Gont
A Go network testing toolkit
Introduction
What does Gont do?
- Software-defined virtual networking for testing
- Define hosts, switches, routers in a single host
- Reentrancy
- Reproducibility
- Inspired by Mininet
Mininet
Mininet creates a realistic virtual network, running real kernel, switch and application code, on a single machine (VM, cloud or native)
-- mininet.org
Mininet
- Written in Python 2
- Lacking active maintainer
- Focus on SDN: OpenFlow controllers
- No SSL cert on homepage?!
→ We need something better
Why?
- Describe network toplogies quickly in code
- Automate contruction of complex topolgies
- Unit / CI testing
- Parallel test execution
- Example use-cases
- VPN / network tools development
- SDN Openflow controller development
- Wireguard Interactive Connectivity Establishment (WICE)
A little detour:
Namespaces
What are Linux namespaces?
They..
- partition kernel resources
from a process-perspective. - power most of Linux containerization tools.
- appear in many Linux subsystems.
- are used by many sandboxing solutions in browsers.
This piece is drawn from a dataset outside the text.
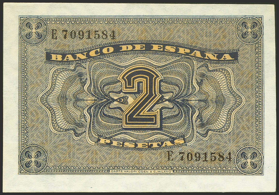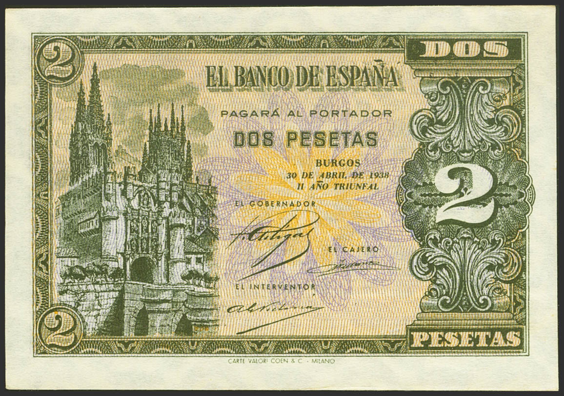 2 Pesetas. 30 de Abril de 1938. Serie E. (Edifil 2021: 429a). Apresto original. SC.

Available Linux namespaces
- mnt: Mounts
- pid: Process IDs
- net: Networking
- ipc: Interproces Communication
- uts: Unix Timesharing (hostname)
- user: User identification & privileges
- cgroup: Process Control Groups
- time: System time
Buts what exactly is a namespace?
- Can be identified by a file descriptor
- A namespace can have multiple processes assigned to it
- It lives as long as there is still at least one remaining process
- Child processes inherit parent namespaces
How do I create a namespace?
unshare(2)
func main() {
err := syscall.Unshare(syscall.CLONE_NEWNS);
}
How do I create a namespace?
static int child(void *arg) {
struct utsname uts;
sethostname(arg, "ernie")
uname(&uts)
printf("nodename in child: %s\n", uts.nodename);
return 0;
}
int main() {
struct utsname uts;
/* Allocate stack for child */
char *stack = malloc(STACK_SIZE);
if (stack == NULL)
return -1;
/* Start new kernel task in new UTS namespace */
pid_t child_pid = clone(child, stack + STACK_SIZE, CLONE_NEWUTS | SIGCHLD, NULL);
/* Output hostname */
uname(&uts)
printf("nodename in parent: %s\n", uts.nodename);
}
How can I share a namespace with other processes?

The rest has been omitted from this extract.